→ WHAT YOU HAVE TO DO: Set every entry below down once more, exactly as it stands, without images.

→ PROVIDED MATERIAL:
○ ○ ○ ○ ○ ○ ○
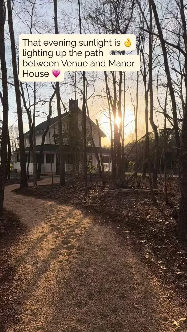 A gentle slope from the barn provides the perfect aisle to the tree adorned ceremony site. Old charm wooden church pews can provide beautiful & comfortable seating for your guests.
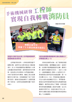 2024 WINTER — VOL.104 興國分隊 許育豪 想當外交替代役去第三世界國家開眼界 陰錯陽差成消防役 記得當消防役時,小隊長曾問我要不 要轉正職,當時完全沒將消防放入職涯選 項中;但 10 年後卻獲得急診醫學會十大傑 出救護技術員的殊榮。當時剛從研究所畢 業,因為想去非洲等第三世界國家看看, 本來只是想用本科專業 – 機械工程去投農 機的外交替代役,但陰錯陽差下成了消防 替代役別,最後也因為能拿到 T1 證照而選 擇了消防役,沒想到這個選擇改變了我的 未來。 消防役選擇勤務爆量單位擔任鳳凰志工 求精進自費上 T2 消防役訓練完成後,為了發揮這張證 照最高的價值,選擇離臺北最近、能跑外 勤,且該縣市勤務量最重的宜蘭 – 羅東分 隊(當時月救量約四百多)。由於人力缺 乏,出勤救護都是 1 警消 +1 役男的方式, 患者都是由我們役男在後座處置,第一次 的目擊 OHCA、CVA、呼吸衰竭正壓給氧、 巴拉刈或吃老鼠藥配巧克力…等等勤務, 都是在役男時期被學長安排在救護車後座 體驗的,雖然就此跑出了興趣,但危急個 案到院後看著醫護人員接手處置,自己仍 會感到所學不足,故退伍後在竹科上班, 週休仍通勤至臺北緊急救護技術員協會自 費上 T2 訓練課程。 22
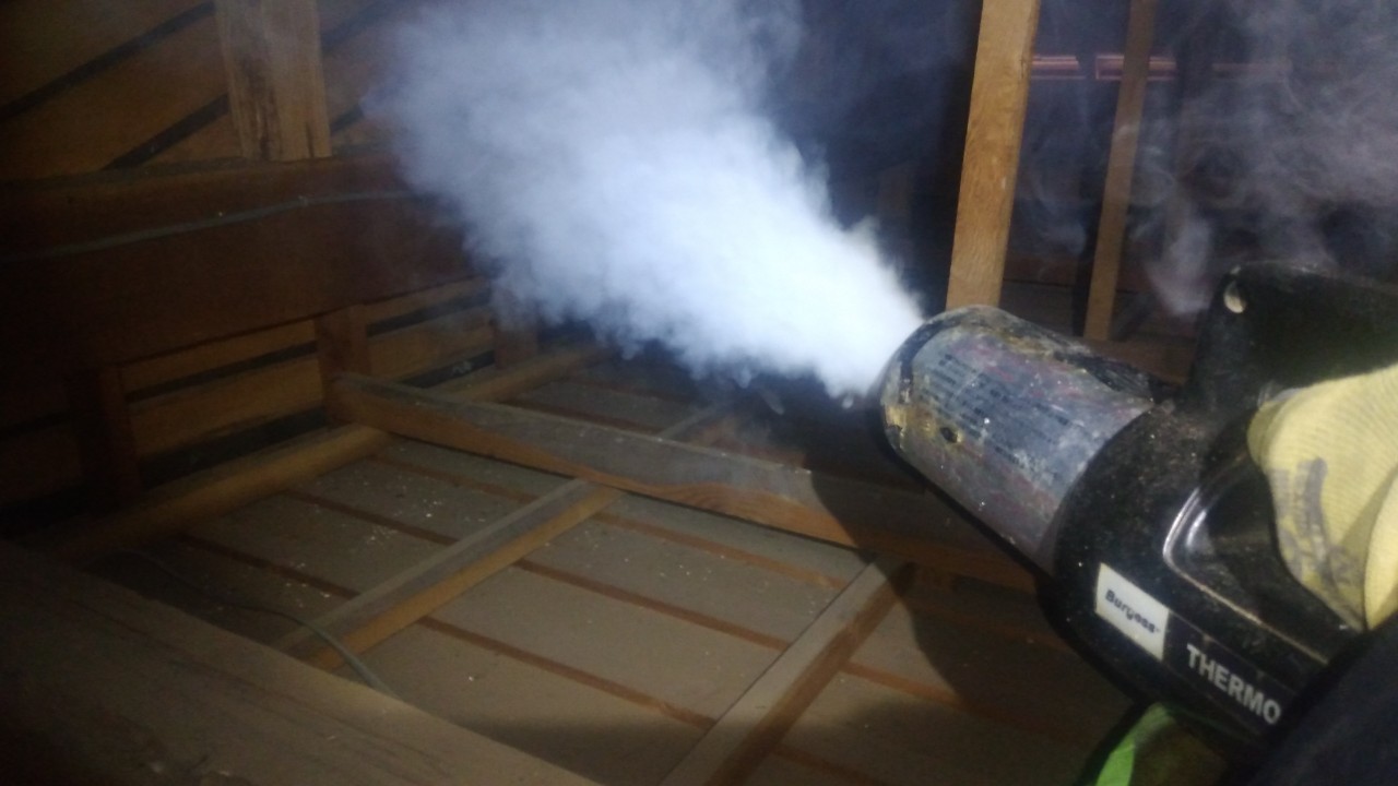 まずは、燻煙剤と呼ばれる薬剤を天井裏や床下に投入することで、アライグマを追い出していきます。
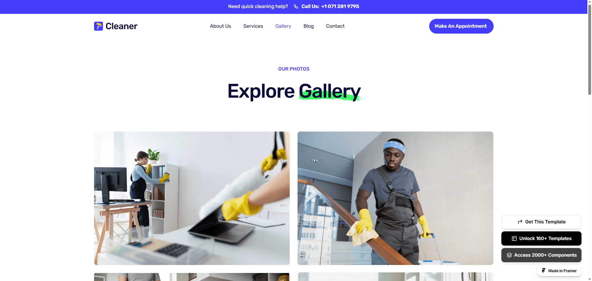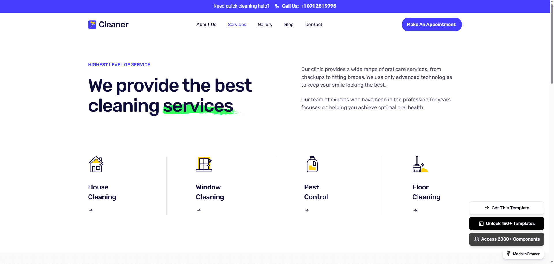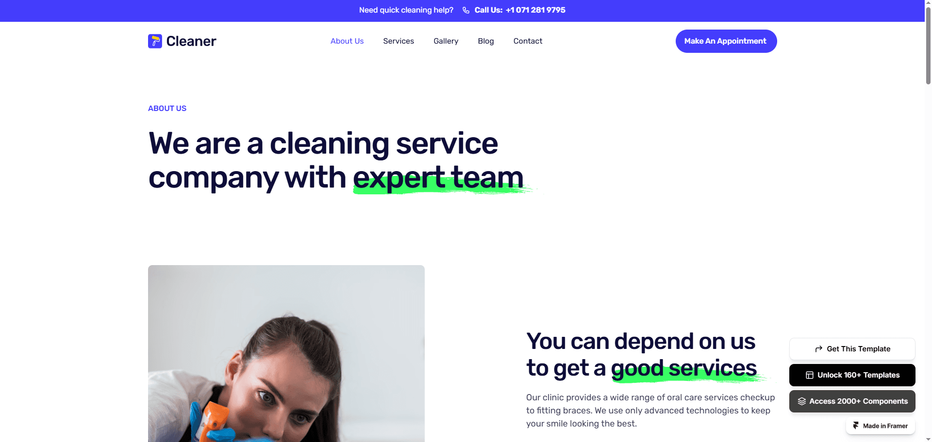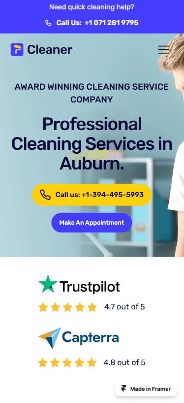 Cleaner is a premium cleaning service Framer template, purpose-built for local service business like cleaning, plumbing, HVAC, roofing etc to shine in the digital realm.
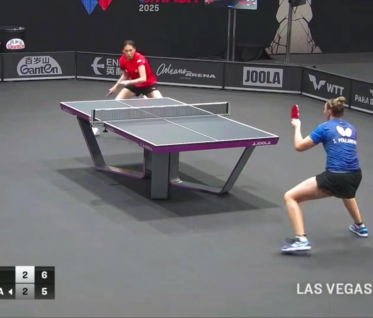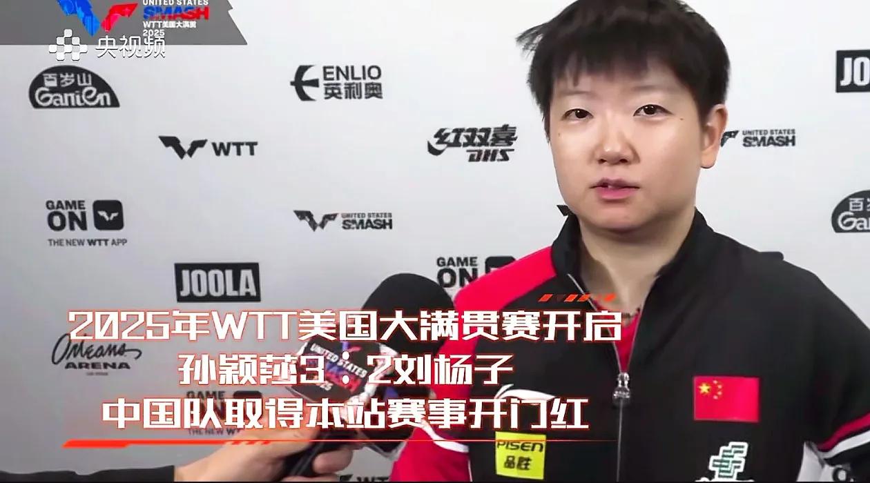 第一場出場的是凌晨4:40,孫穎莎對戰澳大利亞華裔選手劉楊子,面對世界第一的挑戰,劉楊子賽前準備得很充分,給孫穎莎制造了不小的困難, 然而孫穎莎畢竟是世界第一,盡管過程起伏比較大,孫穎莎還是以3:2的大比分贏下了比賽,為中國乒乓球隊贏得了開門紅。
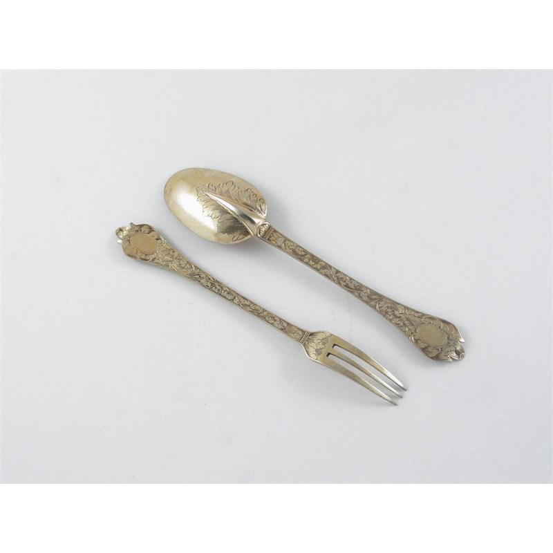 A William III engraved silvergilt trefid spoon and fork, with vacant oval cartouches on the front and back of the stems, the spoon with a ridged rattail flanked by foliage, unmarked 1695-1700, the spoon 8in (20.3cm) long, 2.25oz. (2)
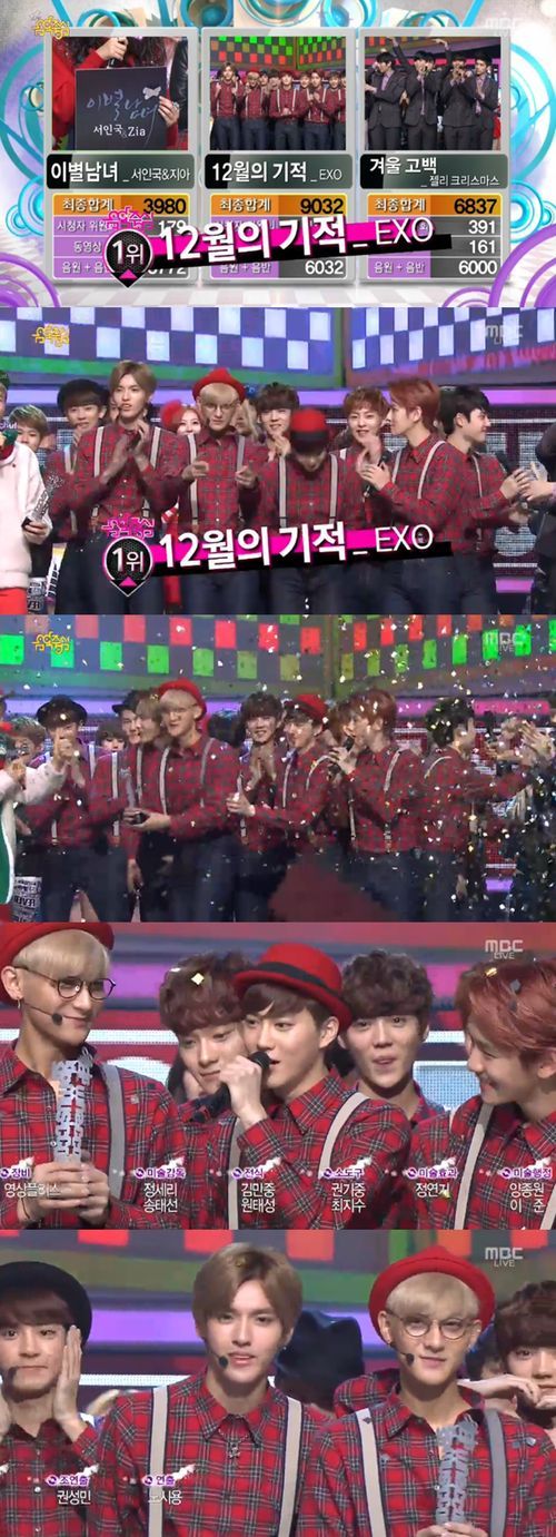 엑소는 21일 방송된 MBC '쇼! 음악중심'에서 젤리크리스마스의 '겨울 고백'과 서인국&지아의 '이별남녀'를 제치고 '12월의 기적'으로 1위의 영광을 안았다.
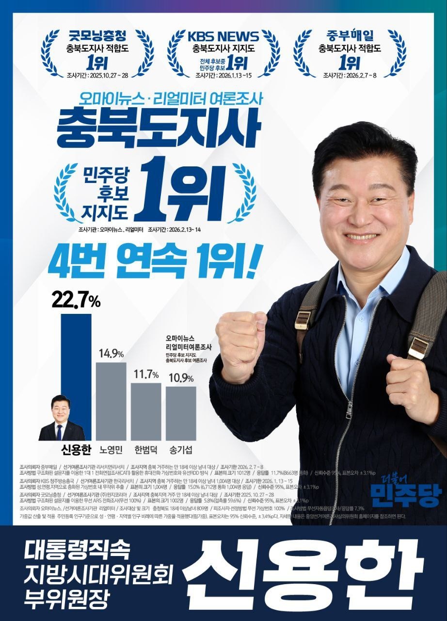 중부매일이 2월 7~8일 실시한 조사(민주당 후보 적합도, ±3.1%p)에서는 신용한 14.3%, 노영민 12.3%, 송기섭 12.2%, 한범덕 6.1%였습니다.
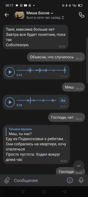«Максим Мунхоев жив. Это оказался перфоманс. Перфоманс, стоивший мне седых волос. Максим Мунхоев, Леша Ляшенко и Миша Босов, я вас очень люблю, правда. Но идите на*** просто. В голосовых Миша рассказывает, как ребята ходили опознавать тело и что Максим точно мертв», – написала Щукина в твиттере, прикрепив к посту скриншот переписки с Мишей Босовым (тоже комиком).
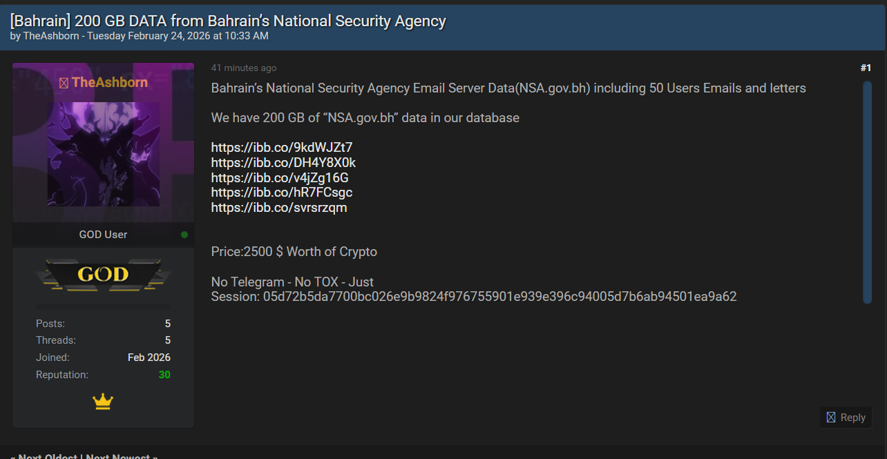 2026年2月24日,巴林国家安全局(National Security Agency)的邮件服务器数据被公开兜售,总量达200GB。泄露者声称数据包含50个用户邮箱账户及其全部邮件内容,已在暗网数据库中持有完整副本。销售帖子附带多个文件托管链接,标价2500美元等值加密货币,仅接受特定会话支付方式。NSA是巴林负责国家安全、情报收集、反恐与国内监控的核心机构,此次泄露涉及高度敏感的政府通信,可能暴露国家机密、情报共享、内部协调及个人隐私。
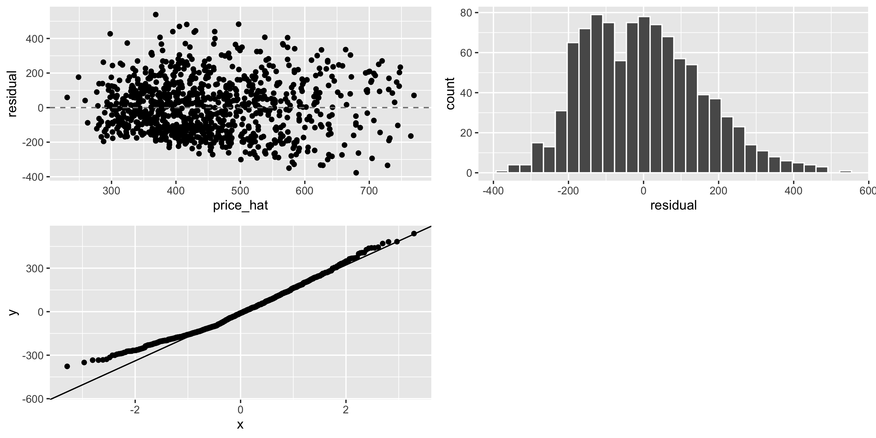 \[ \widehat{\text{price}} = 197 + 0.177*\text{sqrt_living} - 21.6*\text{bedrooms} \]
○ ○ ○ ○ ○ ○ ○
→ THE COMPLETED TASK:
 A gentle slope from the barn provides the perfect aisle to the tree adorned ceremony site. Old charm wooden church pews can provide beautiful & comfortable seating for your guests.
 2024 WINTER — VOL.104 興國分隊 許育豪 想當外交替代役去第三世界國家開眼界 陰錯陽差成消防役 記得當消防役時,小隊長曾問我要不 要轉正職,當時完全沒將消防放入職涯選 項中;但 10 年後卻獲得急診醫學會十大傑 出救護技術員的殊榮。當時剛從研究所畢 業,因為想去非洲等第三世界國家看看, 本來只是想用本科專業 – 機械工程去投農 機的外交替代役,但陰錯陽差下成了消防 替代役別,最後也因為能拿到 T1 證照而選 擇了消防役,沒想到這個選擇改變了我的 未來。 消防役選擇勤務爆量單位擔任鳳凰志工 求精進自費上 T2 消防役訓練完成後,為了發揮這張證 照最高的價值,選擇離臺北最近、能跑外 勤,且該縣市勤務量最重的宜蘭 – 羅東分 隊(當時月救量約四百多)。由於人力缺 乏,出勤救護都是 1 警消 +1 役男的方式, 患者都是由我們役男在後座處置,第一次 的目擊 OHCA、CVA、呼吸衰竭正壓給氧、 巴拉刈或吃老鼠藥配巧克力…等等勤務, 都是在役男時期被學長安排在救護車後座 體驗的,雖然就此跑出了興趣,但危急個 案到院後看著醫護人員接手處置,自己仍 會感到所學不足,故退伍後在竹科上班, 週休仍通勤至臺北緊急救護技術員協會自 費上 T2 訓練課程。 22
 まずは、燻煙剤と呼ばれる薬剤を天井裏や床下に投入することで、アライグマを追い出していきます。
 Cleaner is a premium cleaning service Framer template, purpose-built for local service business like cleaning, plumbing, HVAC, roofing etc to shine in the digital realm.
 第一場出場的是凌晨4:40,孫穎莎對戰澳大利亞華裔選手劉楊子,面對世界第一的挑戰,劉楊子賽前準備得很充分,給孫穎莎制造了不小的困難, 然而孫穎莎畢竟是世界第一,盡管過程起伏比較大,孫穎莎還是以3:2的大比分贏下了比賽,為中國乒乓球隊贏得了開門紅。
 A William III engraved silvergilt trefid spoon and fork, with vacant oval cartouches on the front and back of the stems, the spoon with a ridged rattail flanked by foliage, unmarked 1695-1700, the spoon 8in (20.3cm) long, 2.25oz. (2)
 엑소는 21일 방송된 MBC '쇼! 음악중심'에서 젤리크리스마스의 '겨울 고백'과 서인국&지아의 '이별남녀'를 제치고 '12월의 기적'으로 1위의 영광을 안았다.
 중부매일이 2월 7~8일 실시한 조사(민주당 후보 적합도, ±3.1%p)에서는 신용한 14.3%, 노영민 12.3%, 송기섭 12.2%, 한범덕 6.1%였습니다.
«Максим Мунхоев жив. Это оказался перфоманс. Перфоманс, стоивший мне седых волос. Максим Мунхоев, Леша Ляшенко и Миша Босов, я вас очень люблю, правда. Но идите на*** просто. В голосовых Миша рассказывает, как ребята ходили опознавать тело и что Максим точно мертв», – написала Щукина в твиттере, прикрепив к посту скриншот переписки с Мишей Босовым (тоже комиком).
 2026年2月24日,巴林国家安全局(National Security Agency)的邮件服务器数据被公开兜售,总量达200GB。泄露者声称数据包含50个用户邮箱账户及其全部邮件内容,已在暗网数据库中持有完整副本。销售帖子附带多个文件托管链接,标价2500美元等值加密货币,仅接受特定会话支付方式。NSA是巴林负责国家安全、情报收集、反恐与国内监控的核心机构,此次泄露涉及高度敏感的政府通信,可能暴露国家机密、情报共享、内部协调及个人隐私。
 \[ \widehat{\text{price}} = 197 + 0.177*\text{sqrt_living} - 21.6*\text{bedrooms} \]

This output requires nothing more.